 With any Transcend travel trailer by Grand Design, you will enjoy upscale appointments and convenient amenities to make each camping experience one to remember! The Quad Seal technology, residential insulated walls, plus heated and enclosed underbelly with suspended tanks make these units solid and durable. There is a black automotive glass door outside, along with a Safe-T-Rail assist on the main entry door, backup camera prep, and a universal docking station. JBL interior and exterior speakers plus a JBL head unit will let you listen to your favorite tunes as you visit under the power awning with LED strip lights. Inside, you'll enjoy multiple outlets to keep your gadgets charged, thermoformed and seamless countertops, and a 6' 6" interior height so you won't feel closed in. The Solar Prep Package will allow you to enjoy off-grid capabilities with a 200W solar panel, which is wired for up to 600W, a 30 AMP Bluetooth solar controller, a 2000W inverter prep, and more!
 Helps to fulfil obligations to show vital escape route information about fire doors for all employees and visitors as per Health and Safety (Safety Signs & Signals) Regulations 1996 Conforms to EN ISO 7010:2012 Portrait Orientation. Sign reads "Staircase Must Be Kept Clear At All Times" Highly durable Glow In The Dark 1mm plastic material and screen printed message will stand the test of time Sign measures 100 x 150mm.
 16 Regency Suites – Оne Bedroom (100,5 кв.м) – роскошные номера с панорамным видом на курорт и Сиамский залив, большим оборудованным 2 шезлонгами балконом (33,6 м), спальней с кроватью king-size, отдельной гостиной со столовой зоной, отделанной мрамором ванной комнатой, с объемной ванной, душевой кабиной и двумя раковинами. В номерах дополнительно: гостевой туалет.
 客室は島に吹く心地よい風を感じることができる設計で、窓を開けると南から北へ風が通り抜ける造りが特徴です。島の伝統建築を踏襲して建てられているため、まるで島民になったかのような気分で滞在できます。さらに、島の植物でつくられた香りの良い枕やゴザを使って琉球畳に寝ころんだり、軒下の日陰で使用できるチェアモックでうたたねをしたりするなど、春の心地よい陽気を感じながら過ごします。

■ GOAL OF THE EXERCISE ■
Repeat back the data above, exact to the last character.

■ RESULT OF THE EXERCISE ■
 With any Transcend travel trailer by Grand Design, you will enjoy upscale appointments and convenient amenities to make each camping experience one to remember! The Quad Seal technology, residential insulated walls, plus heated and enclosed underbelly with suspended tanks make these units solid and durable. There is a black automotive glass door outside, along with a Safe-T-Rail assist on the main entry door, backup camera prep, and a universal docking station. JBL interior and exterior speakers plus a JBL head unit will let you listen to your favorite tunes as you visit under the power awning with LED strip lights. Inside, you'll enjoy multiple outlets to keep your gadgets charged, thermoformed and seamless countertops, and a 6' 6" interior height so you won't feel closed in. The Solar Prep Package will allow you to enjoy off-grid capabilities with a 200W solar panel, which is wired for up to 600W, a 30 AMP Bluetooth solar controller, a 2000W inverter prep, and more!
 Helps to fulfil obligations to show vital escape route information about fire doors for all employees and visitors as per Health and Safety (Safety Signs & Signals) Regulations 1996 Conforms to EN ISO 7010:2012 Portrait Orientation. Sign reads "Staircase Must Be Kept Clear At All Times" Highly durable Glow In The Dark 1mm plastic material and screen printed message will stand the test of time Sign measures 100 x 150mm.
 16 Regency Suites – Оne Bedroom (100,5 кв.м) – роскошные номера с панорамным видом на курорт и Сиамский залив, большим оборудованным 2 шезлонгами балконом (33,6 м), спальней с кроватью king-size, отдельной гостиной со столовой зоной, отделанной мрамором ванной комнатой, с объемной ванной, душевой кабиной и двумя раковинами. В номерах дополнительно: гостевой туалет.
 客室は島に吹く心地よい風を感じることができる設計で、窓を開けると南から北へ風が通り抜ける造りが特徴です。島の伝統建築を踏襲して建てられているため、まるで島民になったかのような気分で滞在できます。さらに、島の植物でつくられた香りの良い枕やゴザを使って琉球畳に寝ころんだり、軒下の日陰で使用できるチェアモックでうたたねをしたりするなど、春の心地よい陽気を感じながら過ごします。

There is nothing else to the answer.